There is a low chance that the Bank of England will reduce interest rates tomorrow, but two more cuts are expected before the end of 2025.
A poll of 61 economists by Reuters suggested that this time the central bank would keep rates at 4.5% and the next reduction could follow in May. August and November were named months for further potential cuts.
If the basic rate was reduced, this would have the most important impact on people with tracker mortgages or variable speed products, because this means that they would benefit from lower repayments.
For those who are looking for a new mortgage with a fixed rate, the price reductions have already been implemented by lenders who are influenced by exchange rates Instead of the basic rate of the Bank of England.
Many borrowers will hope that if there is no cut tomorrow, they will see reductions in the coming months, as the markets predict. But Laith Khalaf, head of investment analysis at AJ Bell, said that there were “substantial risks for these prospects.”
He said: “The last inflation reading for January came in hot and the macro -economic situation is fleeting because Donald Trump’s trade policy is in danger of unleashes a global trade war that could damage growth and increase inflation.
“The Spring statement in the UK Can also contain some tax and spending decisions that have an effect on the interest rate rate in one way or another.
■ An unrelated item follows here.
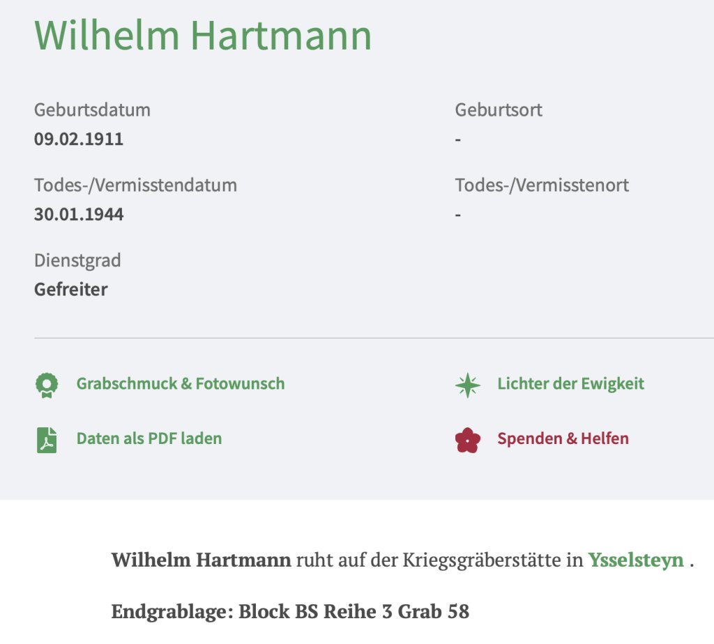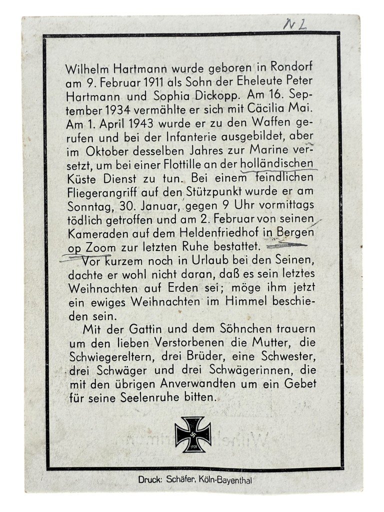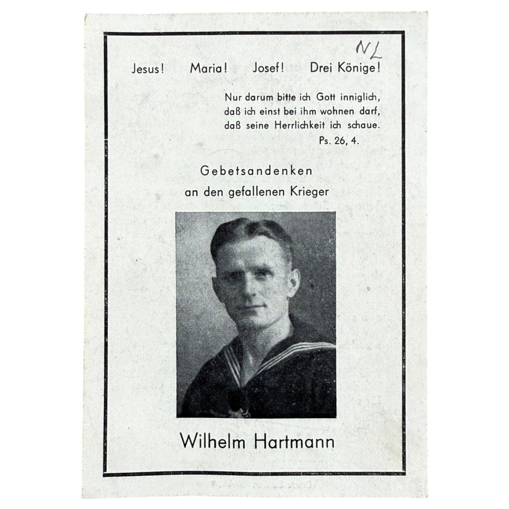 This German death card commemorates Wilhelm Hartmann, a sailor of the Kriegsmarine, who was killed on January 30, 1945, during an Allied air raid on the base near Bergen op Zoom.The death card mentions his birth on February 9, 1911, in Rondorf, his marriage to CΓ€cilia Mai in 1934, and his military career, from the infantry to the navy, where he served along the Dutch coast.The front features a portrait of Hartmann in uniform with the text 'Gebetsandenken a den gefallenen Krieger' ('Prayer remembrance for the fallen soldier').He is now buried at the German War Cemetery in Ysselsteyn and can be found on the German war graves website Volksbund.de.Article number: 16840

In April we will see that the national insurance of the Chancellor and the minimum wage increases come in force, which could also serve to increase prices for consumers, making the Bank of England on their care for reducing rates. “
He added: “At the last mood, two members wanted to lower the rates to 4.25%, which shows some willingness to stimulate the economy in the light of rising inflation.
“Although we may not get a change in interest rates during this coming meeting, the comments and the voting record will still be instructive about the vote that is currently enveloping the Threadneedle Street.”
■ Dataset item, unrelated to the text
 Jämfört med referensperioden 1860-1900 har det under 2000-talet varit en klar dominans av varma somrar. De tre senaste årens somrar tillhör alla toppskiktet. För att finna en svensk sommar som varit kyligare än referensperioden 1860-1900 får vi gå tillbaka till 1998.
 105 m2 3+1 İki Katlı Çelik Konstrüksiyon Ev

Will the mortgage interest rate fall in the longer term?
The news today achieved Halifax its short-term two and three-year fixed rates, while the increasing rates on the longer five-year solutions have led to suggestions from mortgage brokers that lenders expect the interest reductions in the shorter term, but not so sure of how things will go further.
It will add an extra complexity for borrowers Decide between a two -year solution or five years So everyone in this situation is encouraged to seek advice from a mortgage adviser.
Emma Jones, director of Whoushebankenno.co.uk spoke through the newspaper agency. She said: “These prices seem to suggest that the Halifax expects the speed reductions in the short term, but is less certain about the direction of the basic rate in the longer term.
“If you want the pace of the mind in the longer term, you have to pay something more based on these changes. Ultimately, you now come for a two -year solution or a five -year -old on several factors, so it’s important to get advice.
“The rates turn out to be turbulent in an unpredictable market. All eyes are now on the Bank of England assessment decision of tomorrow.”